#### EXERCISE INPUTS:
━━━━━━

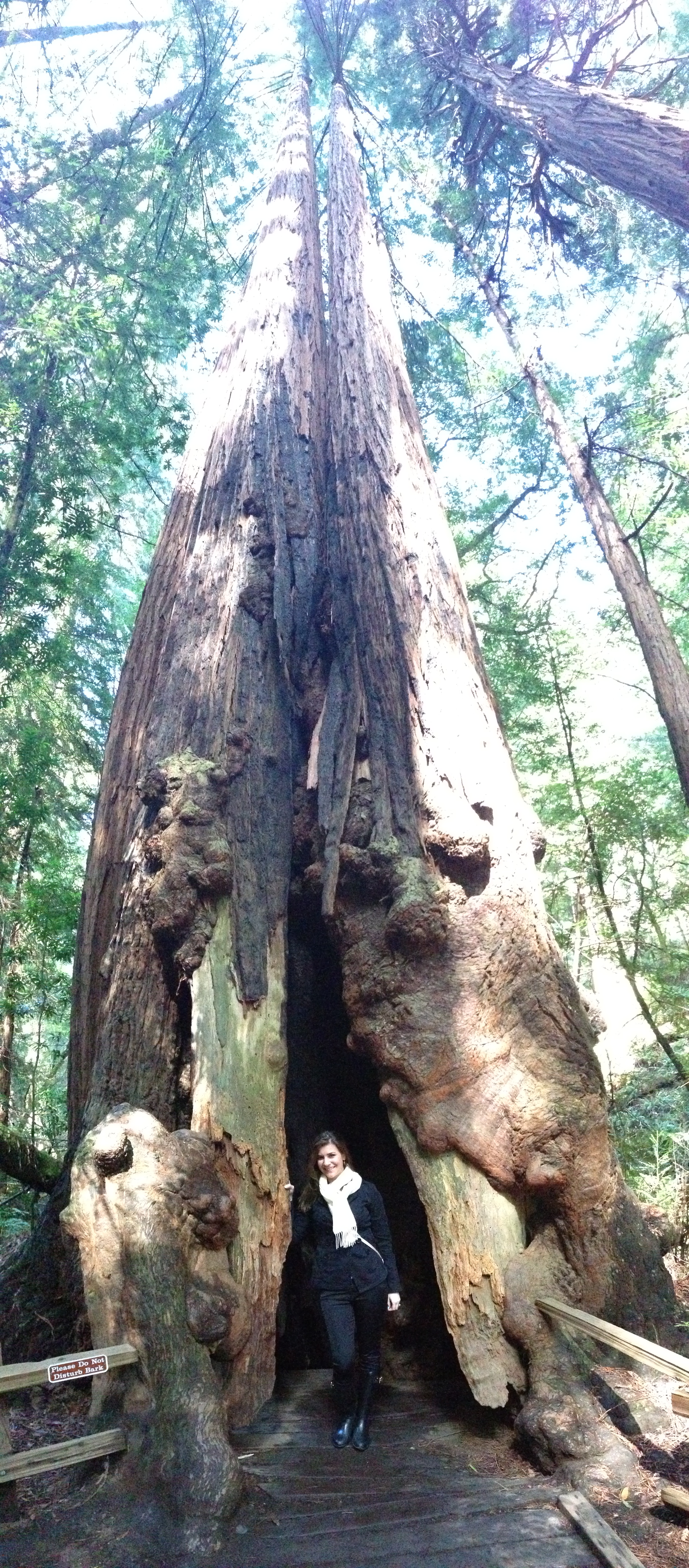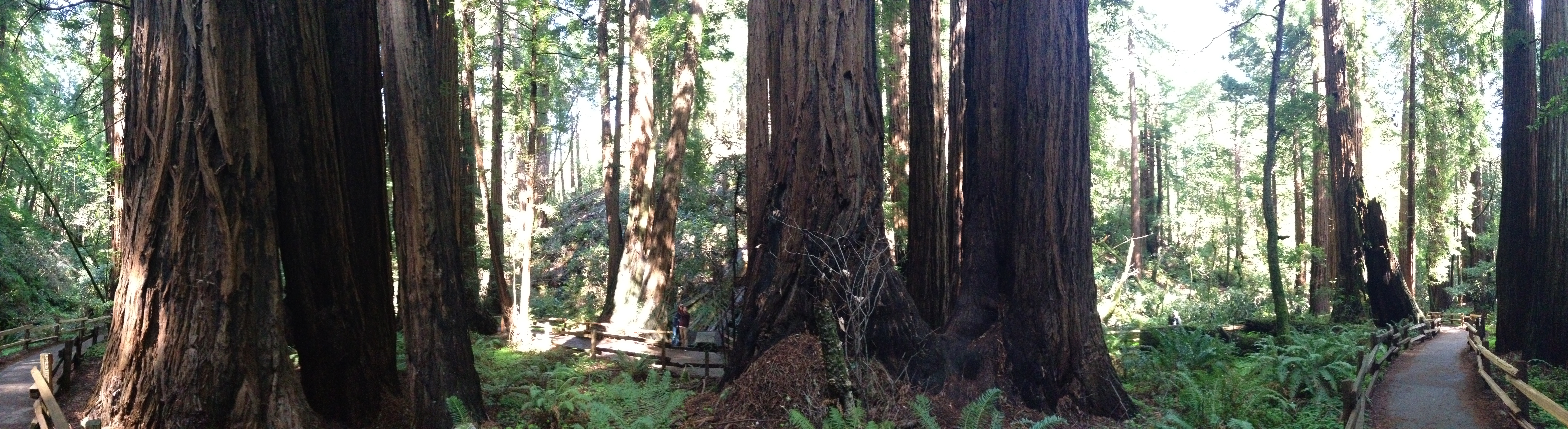 So then, we made our way to Muir woods to see the Famous redwood trees. Â Now, for some reason, I had it in my head that the trees we were going to see would be those gargantuan wide trees that you can drive a bus through. Â These are not those trees. Â Those are also Redwoods, but they are in Yosemite and a different kind. Â The kind of redwoods we were going to see are the really, really tall ones, not the really, really fat ones. Â But once we got there, it was really nice spending some time outside. Â These trees really are humongous.
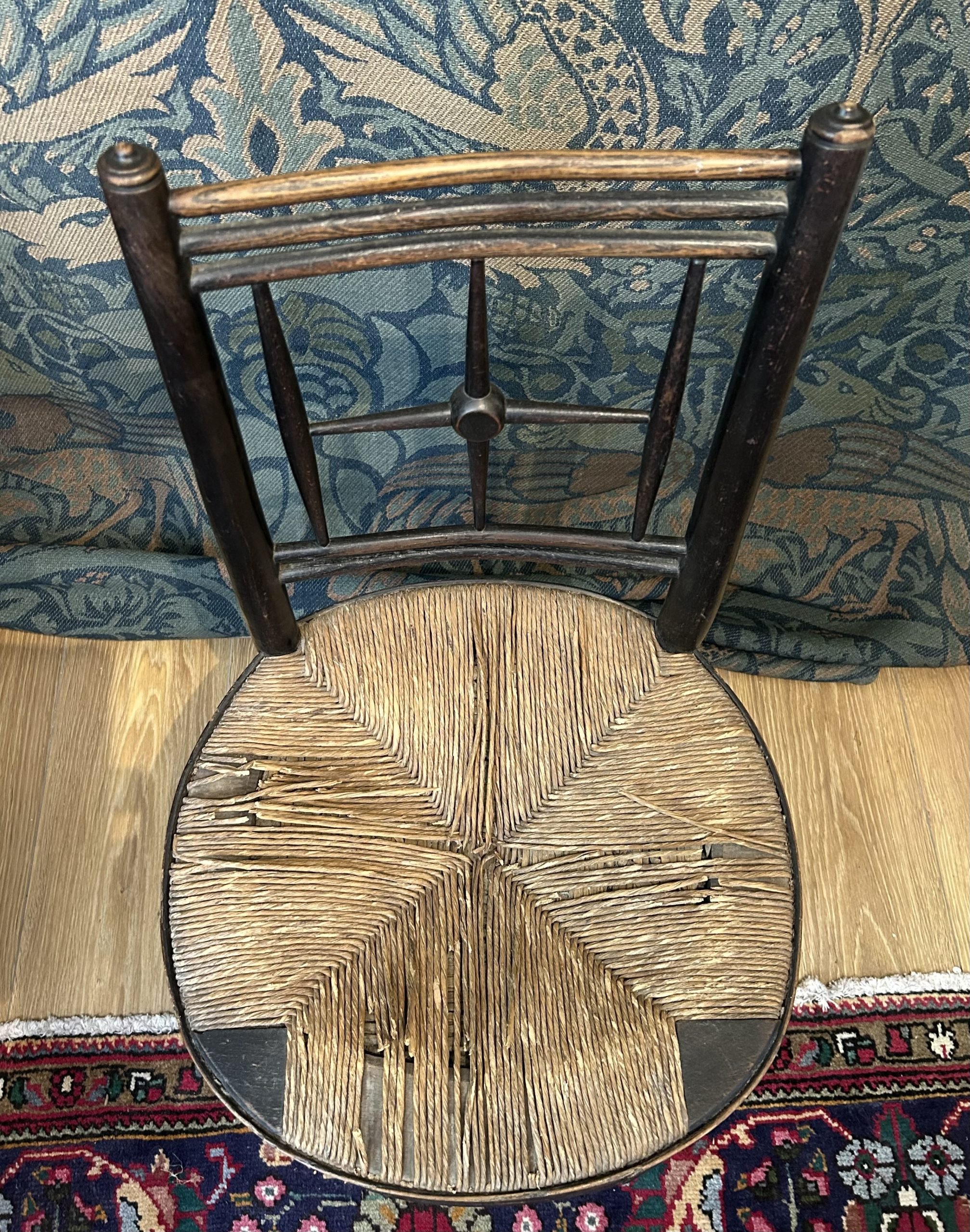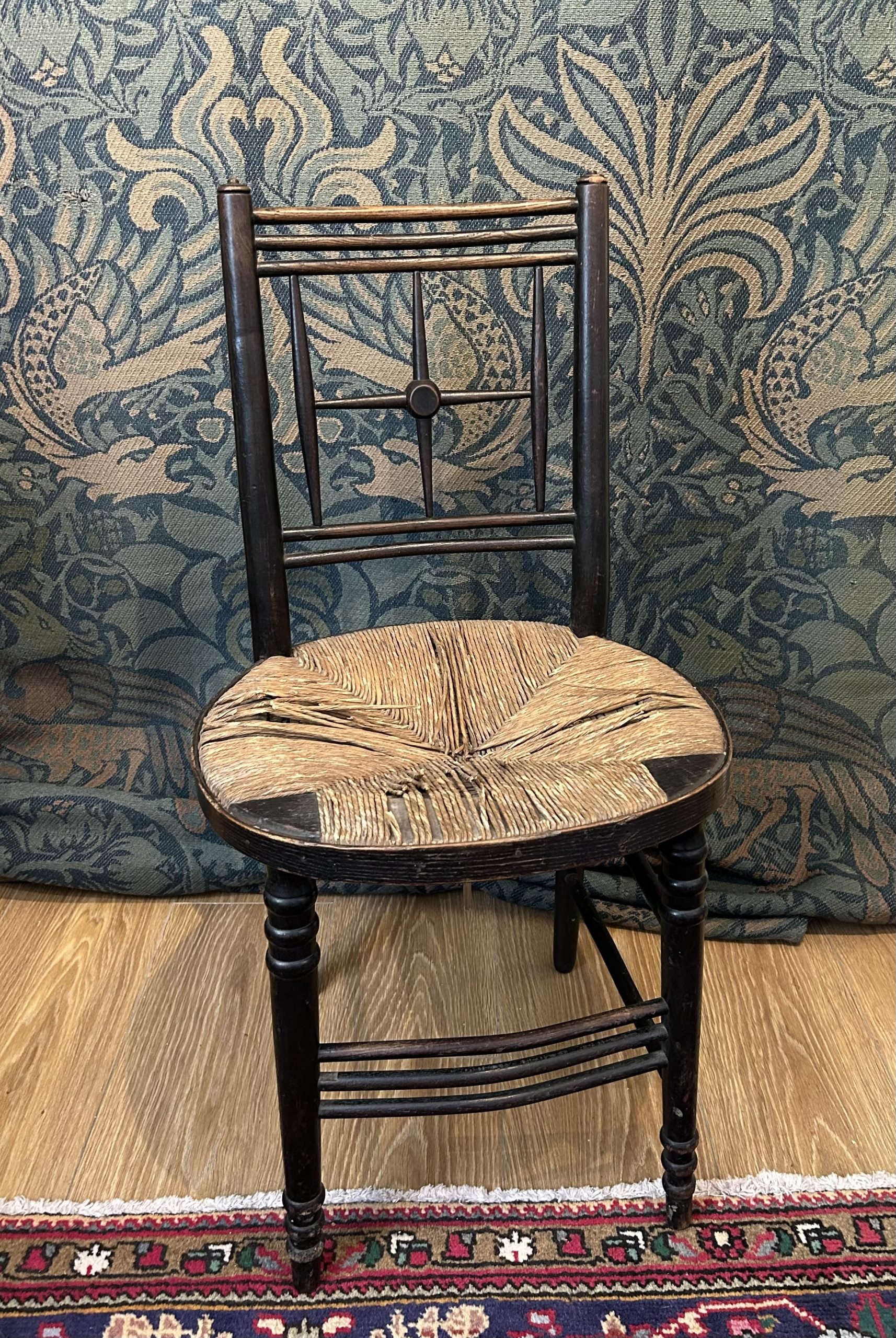 A nice example of the rarer round rush seat chair from the Morris & Co “Sussex” range, which was first inspired by “an old chair of village manufacture picked up in Sussex”, according to Professor J W Mackail in his “Life of William Morris” (1901). Having a spindle frame with cross-shaped splat and ring turned legs.
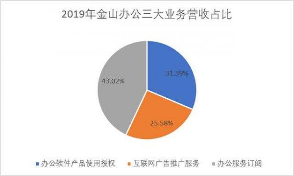 根据金山办公2019年报数据显示,其主要营收来源于三大板块业务,分别是办公软件产品使用授权、办公服务订阅和互联网广告推广三种。而这三大业务在其总营收占比中分别为31.39%、43.02%和25.58%。付费服务已经成为了其主要营收来源,广告业务反而只占据了极小的一部分。
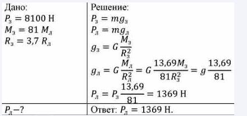 35 БАЛЛОВ! Космический корабль на поверхности Земли имеет вес 8100 H. Каким будет вес этого корабля на поверхности Луны? масса Луны примерно в 81 раз меньше массы Земли, радиус Луны примерно в 3,7 раза меньше радиуса Земли.
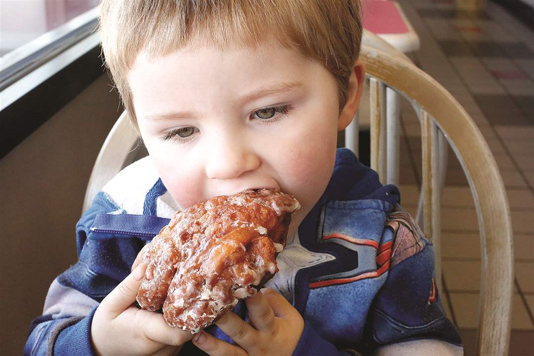Thomas Booze, 2, bites into a Apple Fritter at Cafe Donuts.
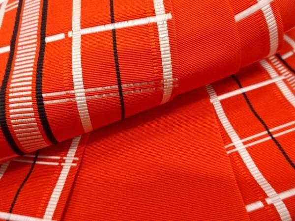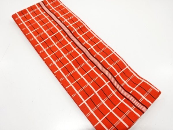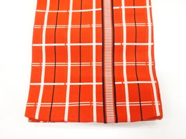ys7566709; 本場筑前博多 格子模様織り出し 半幅帯【着】
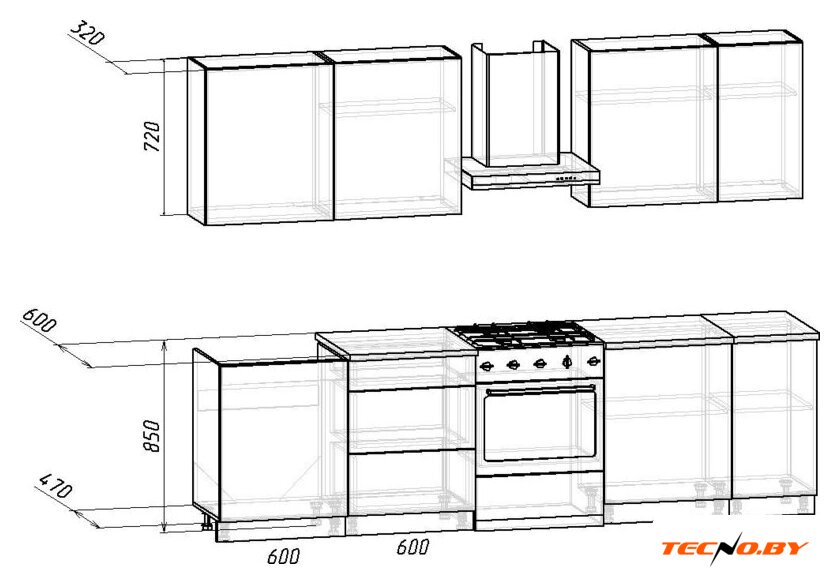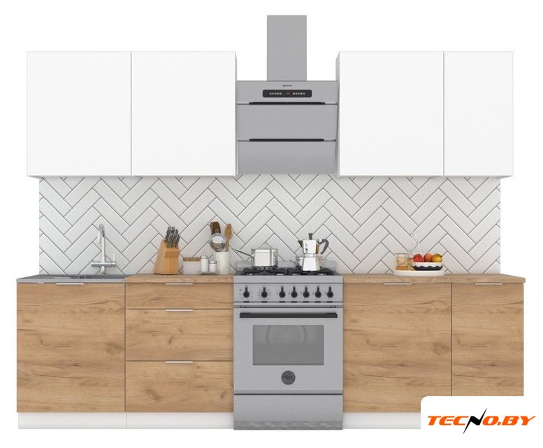 линейная, длина 260 см, ширина 60 см, каркас ЛДСП, фасад ЛДСП, установка мойки: накладная мойка, ширина шкафа под мойку 80 см

━━━━━━

#### PROBLEM TO WORK ON:
Write out the lines beginning at the line with "A nice example" and ending at the last line of the entries. Include no pictures.

#### ANSWER SECTION:
 A nice example of the rarer round rush seat chair from the Morris & Co “Sussex” range, which was first inspired by “an old chair of village manufacture picked up in Sussex”, according to Professor J W Mackail in his “Life of William Morris” (1901). Having a spindle frame with cross-shaped splat and ring turned legs.
 根据金山办公2019年报数据显示,其主要营收来源于三大板块业务,分别是办公软件产品使用授权、办公服务订阅和互联网广告推广三种。而这三大业务在其总营收占比中分别为31.39%、43.02%和25.58%。付费服务已经成为了其主要营收来源,广告业务反而只占据了极小的一部分。
 35 БАЛЛОВ! Космический корабль на поверхности Земли имеет вес 8100 H. Каким будет вес этого корабля на поверхности Луны? масса Луны примерно в 81 раз меньше массы Земли, радиус Луны примерно в 3,7 раза меньше радиуса Земли.
Thomas Booze, 2, bites into a Apple Fritter at Cafe Donuts.
ys7566709; 本場筑前博多 格子模様織り出し 半幅帯【着】
 линейная, длина 260 см, ширина 60 см, каркас ЛДСП, фасад ЛДСП, установка мойки: накладная мойка, ширина шкафа под мойку 80 см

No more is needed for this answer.